# Introduction to HashMap

- HashMap is a hash table that stores key value mappings.
- HashMap The Map interface implementation based on hash table is one of the commonly used Java collections and is thread unsafe.
- HashMap Null keys and values can be stored, but there can only be one null as a key and multiple null as a value.
- HashMap It stores data according to the HashCode value of the key, has fast access speed, and does not support thread synchronization.
- HashMap is unordered, that is, the insertion order is not recorded.
- HashMap inherits from AbstractMap and implements Map, Cloneable and java.io.Serializable interfaces.
- Before JDK1.8, HashMap consists of array + linked list. Array is the main body of HashMap, and linked list mainly exists to solve hash conflicts ("zipper method" to solve conflicts)
- After JDK1.8 HashMap has made great changes in resolving hash conflicts. When the length of the linked list is greater than the threshold (the default is 8) (it will be judged before converting the linked list into a red black tree. If the length of the current array is less than 64, it will choose to expand the array first rather than convert it into a red black tree) to convert the linked list into a red black tree to reduce the search time.
- The default initialization capacity of HashMap is 16. After each expansion, the capacity becomes twice the original. And, HashMap always uses the power of 2 as the size of the hash table.

# Analysis of underlying data structure of HashMap

## Before JDK1.8

Before JDK1.8, the bottom layer of HashMap was Arrays and linked lists Used together, that is Linked list hash.

HashMap obtains the hash value through the hashCode of the key after being processed by the perturbation function, and then determines the storage position of the current element through (n-1) & hash (where n refers to the length of the array).

If there is an element in the current position, judge whether the hash value and key of the element are the same as those of the element to be stored;

If they are the same, they can be directly covered.
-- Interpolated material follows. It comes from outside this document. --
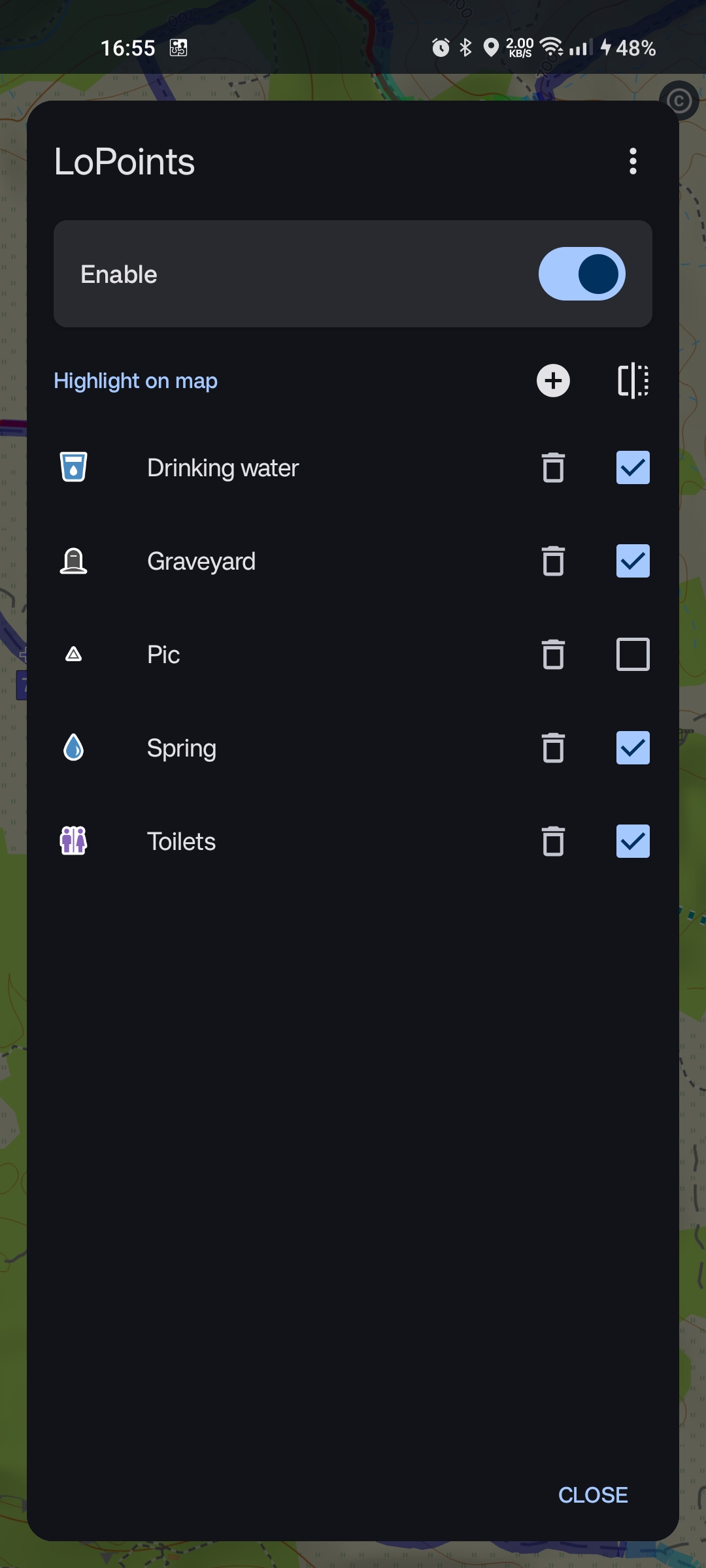 I use the POIs: Drinking water, Graveyard, Spring, Toilets.
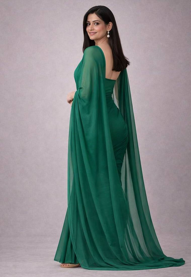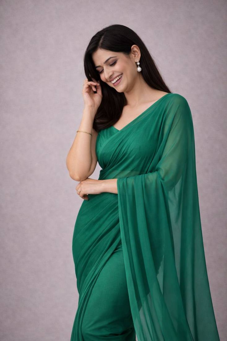| Product Name | Dark Green Color Plain Georgette Designer Saree With Blouse | |

If they are different, they can solve the conflict through the zipper method.

The so-called perturbation function refers to the hash method of HashMap.

The hash method, that is, the perturbation function, is used to prevent some poorly implemented hashCode() methods. In other words, the collision can be reduced after using the perturbation function.

Source code of hash method of JDK 1.8 HashMap:

The hash method of JDK 1.8 is simpler than that of JDK 1.7, but the principle remains the same.

static final int hash(Object key) { int h; // key.hashCode(): returns the hash value, that is, hashcode // ^: bitwise XOR // >>>: move unsigned right, ignore the sign bit, and fill up the empty bits with 0 return (key == null) ? 0 : (h = key.hashCode()) ^ (h >>> 16); }

Source code of hash method of HashMap in JDK1.7:

static int hash(int h) { // This function ensures that hashCodes that differ only by // constant multiples at each bit position have a bounded // number of collisions (approximately 8 at default load factor). h ^= (h >>> 20) ^ (h >>> 12); return h ^ (h >>> 7) ^ (h >>> 4); }

Compared with the hash method of JDK 1.8, the performance of the hash method of JDK 1.7 is slightly worse because it has been disturbed for 4 times.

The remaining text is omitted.